Retype, please, the listing from its opening line through the line that contains "B.空中上升的气球C.太空中运行的宇宙飞船 D.水中下沉的石块4.如图所示情景中没有受到浮力的物体是( )", both included, without the pictures.

──────

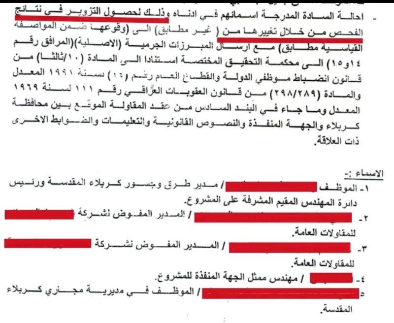 وكتب المطيري في تدوينة تابعتها "بغداد اليوم" إنه "بعد ثبوت التزوير في نتائج الفحص وتغييره تم احالة المديران المفوضان للشركتين المتعاقد معهما في تنفيذ مجسر الحسينية وكذلك المهندس المقيم والمهندس الممثل للجهة المنفذة وأحد الموظفين المتورطين الى المحاكم المختصة بتهمة التزوير".
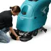 Машина управляется пешим оператором и не оснащена приводом движения. Движение осуществляется за счет усилия толкания, а также за счет вращения щетки. Усилие толкания на ровной горизонтальной поверхности не превышает 2-3 кг. Электропитание осуществляется от аккумуляторных батарей, установленных на борту моечного агрегата. Машина полностью автономна: во время работы оператору не нужно отвлекаться и регулярно поправлять сетевой кабель. Бортовая сеть 24 В - два аккумулятора по 12 В соединены последовательно. Машина комплектуется тяговыми аккумуляторными батареями гелевого типа. Емкость батарей 100 Ач (при С5), время работы от одного заряда порядка 2-х часов.
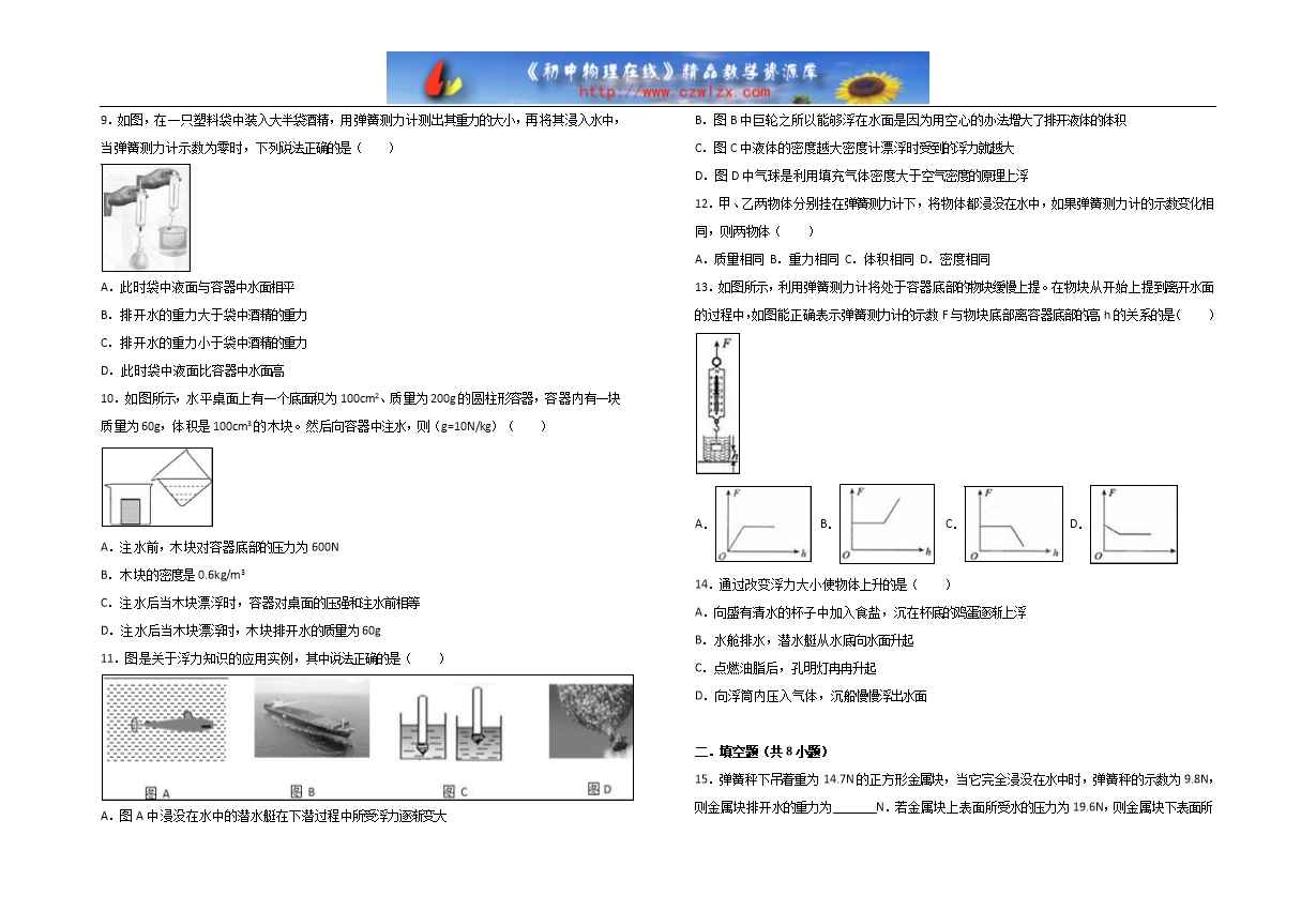 【内容简介】一.选择题(共14小题)1.下列情景中没有受到浮力的物体是( )A.遨游的“天空一号” B.航行的“辽宁号”C.下潜的“蛟龙”号 D.上升的热气球2.关于物体所受的浮力,下列说法中正确的是( )A.空气中的物体不受浮力作用B.沉在水底的铁球不受浮力作用C.浮力是物体对液体施加的力D.浮力是液体或气体对物体压力的合力3.下列物体中不受浮力的是( )A.大海中航行的轮船 B.空中上升的气球C.太空中运行的宇宙飞船 D.水中下沉的石块4.如图所示情景中没有受到浮力的物体是( )
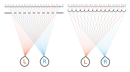 Принцип заснований на перекритті різних ділянок зображення ґратками з вузьких непрозорих смуг при розгляданні об'єктів з різних точок. При цьому зображення стереопари складаються зі смуг, що чергуються одна за одною. В результаті, кожне око спостерігача бачить через щілини в гратці тільки смуги визначеної для нього частини стереопари, тоді як сусідні смуги закриті растром.
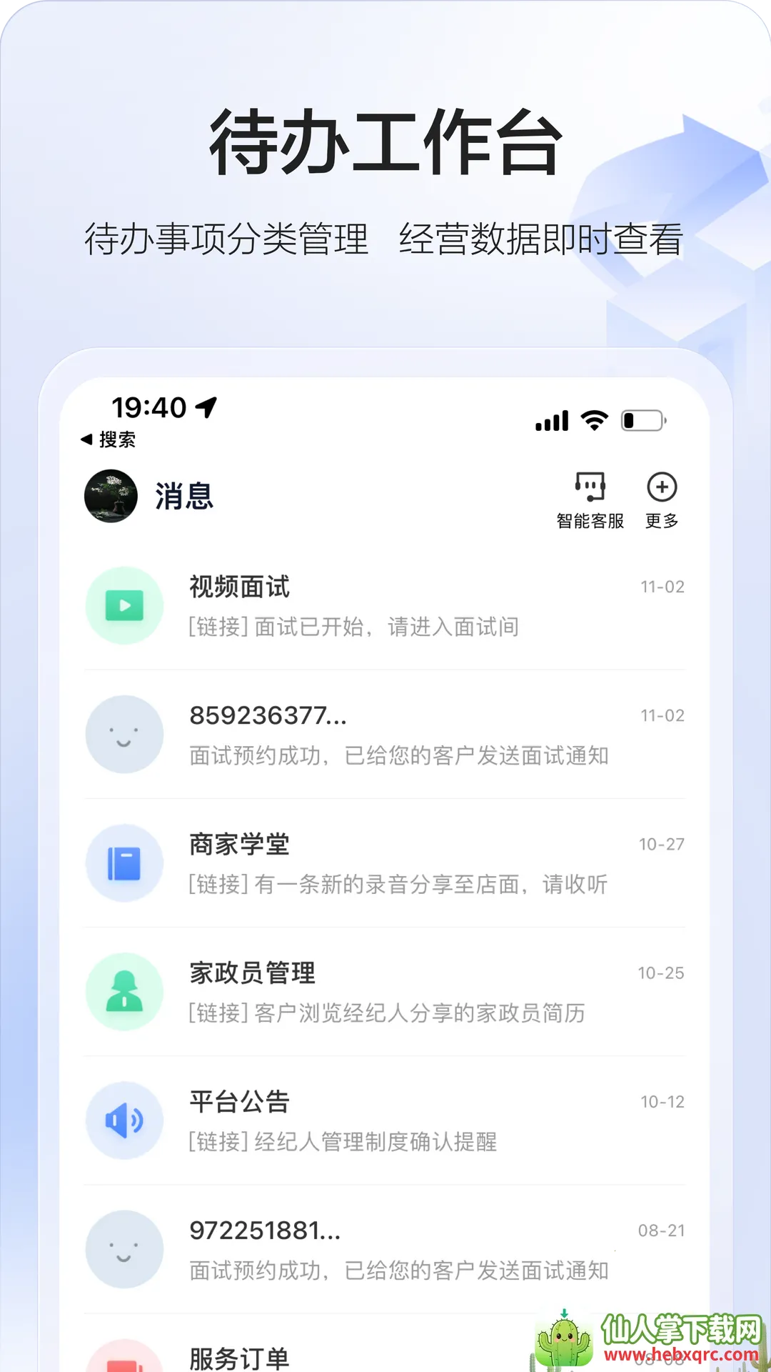 它有客户管理平台,能精准分配客户,保证线索价值最大化。共享阿姨库很棒,阿姨都经过百分百体检背调,找好阿姨不再困难。首页工作台聚合了多种高频作业板块,像线索接单、待办事项管理等,能为每日工作精准提效。微聊消息接收平台可推送线索、阿姨动态等,方便即时沟通。培训管理能辅助商家开展阿姨培训业务,提升阿姨专业度和就业率。
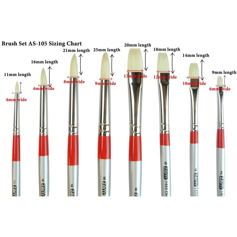 ZEM Brush Chungking White Hog Bristle Interlocked Rounds and Flats 8 Pc Brush Set + Free Canvas Carry Case
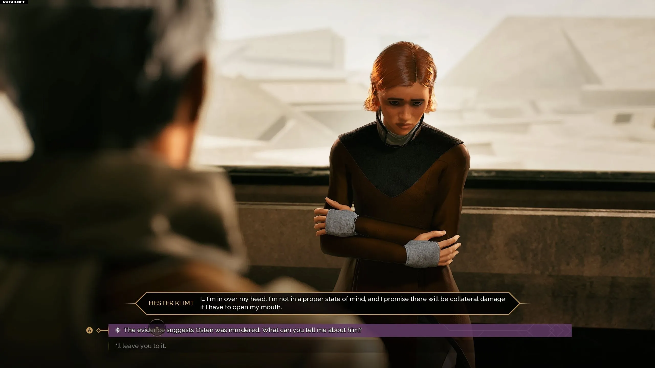 Сразу за дверью комнаты, слева, вы найдёте Хестер Климт, с которой можно поговорить о смерти Остена Лейта для дальнейшего расследования. Однако она откажется верить в нечестную игру, и вам придётся собрать медицинские доказательства для подтверждения своих подозрений.
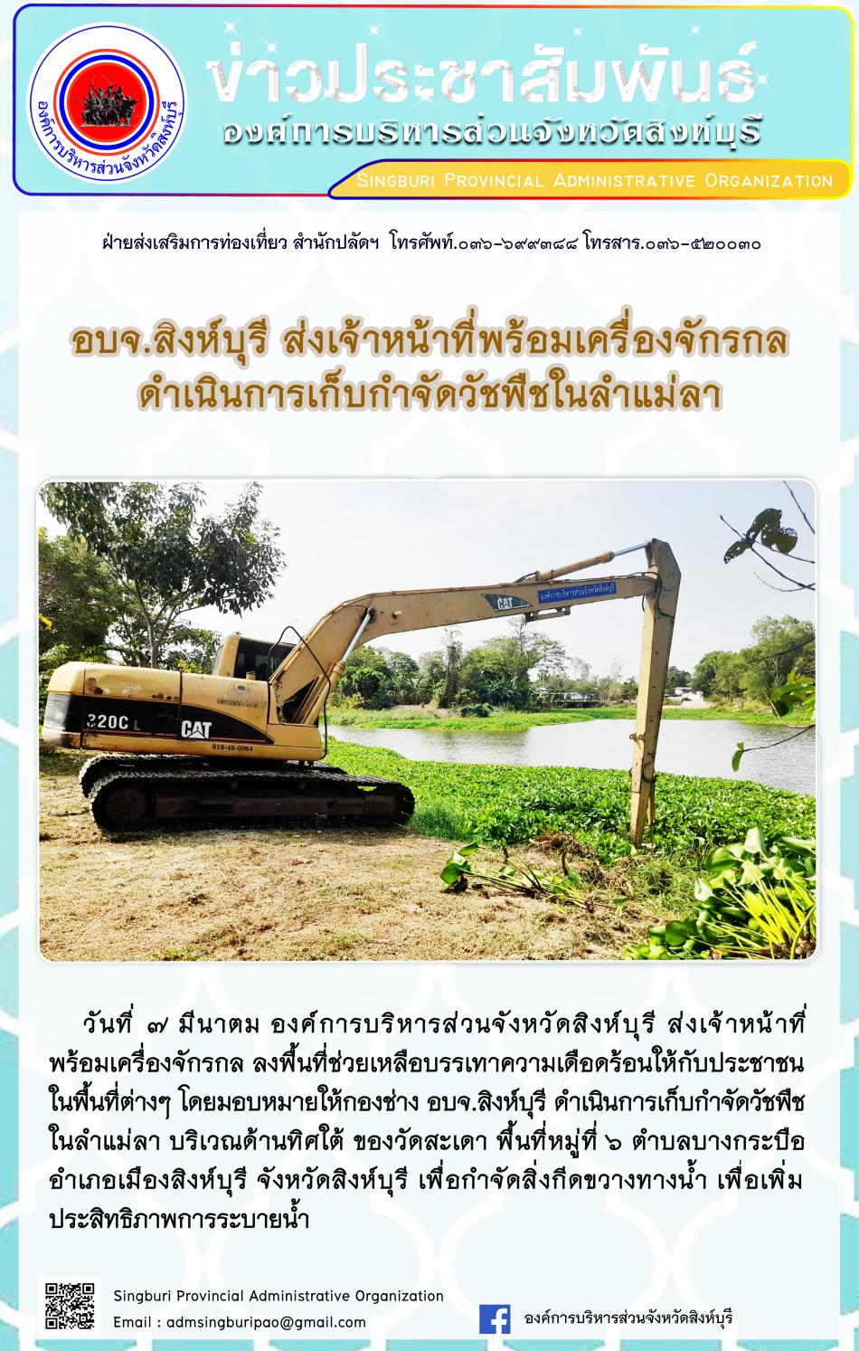 อบจ.สิงห์บุรี ส่งเจ้าหน้าที่พร้อมเครื่องจักรกล เก็บกำจัดวัชพืช บริเวณลำแม่ลา [7 มีนาคม 2568]
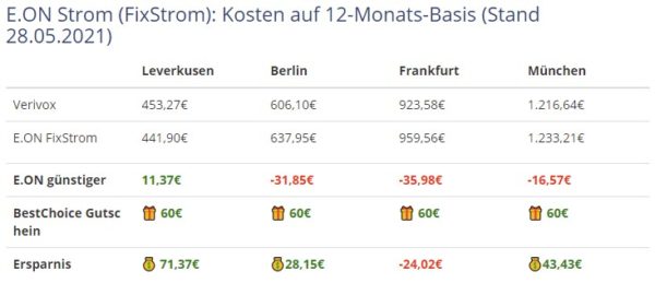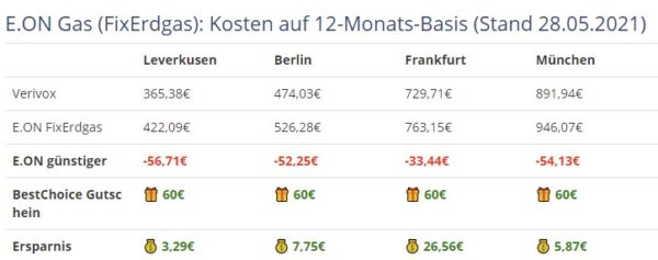Stuppsi 13.06.2020, 10:22 #Guter Deal. Habe auch gerade mal Vergleichstarife durchgespielt und da war der E.ON-Tarif nur knapp 20 Euro für das Jahr teurer als der günstigste Tarif den mir Check24 anbot – und der 60€-Gutschein gleicht die 20 Euro mehr ja wieder aus. Hab es darum abgeschlossen (Vertragsbeginn ist zwar "erst" zum Oktober – aber sooo lange ist das ja auch nicht mehr hin ;-)).

──────

> [SOLUTION]
 وكتب المطيري في تدوينة تابعتها "بغداد اليوم" إنه "بعد ثبوت التزوير في نتائج الفحص وتغييره تم احالة المديران المفوضان للشركتين المتعاقد معهما في تنفيذ مجسر الحسينية وكذلك المهندس المقيم والمهندس الممثل للجهة المنفذة وأحد الموظفين المتورطين الى المحاكم المختصة بتهمة التزوير".
 Машина управляется пешим оператором и не оснащена приводом движения. Движение осуществляется за счет усилия толкания, а также за счет вращения щетки. Усилие толкания на ровной горизонтальной поверхности не превышает 2-3 кг. Электропитание осуществляется от аккумуляторных батарей, установленных на борту моечного агрегата. Машина полностью автономна: во время работы оператору не нужно отвлекаться и регулярно поправлять сетевой кабель. Бортовая сеть 24 В - два аккумулятора по 12 В соединены последовательно. Машина комплектуется тяговыми аккумуляторными батареями гелевого типа. Емкость батарей 100 Ач (при С5), время работы от одного заряда порядка 2-х часов.
 【内容简介】一.选择题(共14小题)1.下列情景中没有受到浮力的物体是( )A.遨游的“天空一号” B.航行的“辽宁号”C.下潜的“蛟龙”号 D.上升的热气球2.关于物体所受的浮力,下列说法中正确的是( )A.空气中的物体不受浮力作用B.沉在水底的铁球不受浮力作用C.浮力是物体对液体施加的力D.浮力是液体或气体对物体压力的合力3.下列物体中不受浮力的是( )A.大海中航行的轮船 B.空中上升的气球C.太空中运行的宇宙飞船 D.水中下沉的石块4.如图所示情景中没有受到浮力的物体是( )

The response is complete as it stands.